Over the course of the last nine years Pixia has developed commercial-off-the-shelf software that represents a quantum leap in accessing ever-growing volumes of data.
The legacy approach to storing large datasets is to fragment them into thousands or millions of smaller chunks and store each chunk as a separate file. This is evident in full motion video where video streams are stored as independent two minute clips. 24 hours of video from a single source now results in 720 individual files on disk! It is also evident in large still image products, where imagery is split into tiles and each tile is saved as a separate file. CIB-1 for the CENTCOM AOR is approximately 1 terabyte but it is actually stored and delivered to users in over 3 million files in over 7 thousand directories!
Current operating systems are based on fundamental principles established in the 1970s and the 1980s. The idea of dealing with thousands of terabytes of storage containing varied chunks of data is a recent event. A good example of standard input/output (I/O) from a storage device failing to perform is in the system cache. With the cache constantly filling, CPU bound processes that utilize the data spend more time swapping pages to and from secondary memory instead of actually processing the data.
Pixia has developed a technology where files are placed in a single container which is in turn stored as a single file on top of the file system. The immediate and obvious benefit of this is improved data management via a massive reduction in the number of files stored on disk. In the examples mentioned previously, users would store one file (versus 720 files) for 24 hours of video and would store one file (versus over 3 million) for CIB-1.
In addition to the data management benefits of logically consolidating files on disk, there is a huge performance improvement when accessing the individual files embedded within the container. Merely opening and closing files is a very time consuming process that can now be virtually eliminated by opening and closing one single container file instead of thousands of actual data files. A good example of this is wide area persistent surveillance where individual frames are stored as files on disk. To play back the frames at high enough rates to create motion video is a challenge, especially when each frame has to be read from a separate file. With Pixia's technology these frames are all placed in a single container and playback is extremely fast. Even on laptops with internal hard drives, Pixia is able to play back the wide area persistent surveillance at over 30 frames per second.

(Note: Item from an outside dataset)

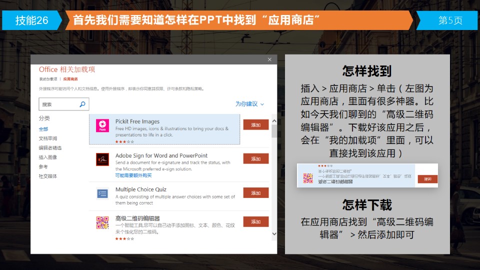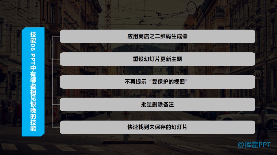 :PPT中有哪些相见恨晚的技巧06,由于技巧太多,所以我会五期完成,总共25个相见恨晚的技巧。如果有启发,请让更多的人知晓。技能26:应用商店之二维码生成器;技能27:重设幻灯片更新主题;技能28:不再提示“受保护的视图”;技能29:批量删除备注;技能30:快速找到未保存的幻灯片。

Pixia's technology is agnostic to the actual data being containerized. This is not a compression technology and most users of Pixia prefer leaving all of their data uncompressed, but compression can be used where necessary. Additionally, the software enables the user to index the data being containerized beyond the record level all the way to the byte level. This enables metadata to be stored at virtually any level of fidelity desired by the user. Instead of having metadata assigned to a single 2 minute video clip the user can now assign metadata to a specific region of a single frame.
Pixia has SOA servers that serve data to clients using standard protocols. The data can be converted on-the-fly to many different formats based on the client's requirements.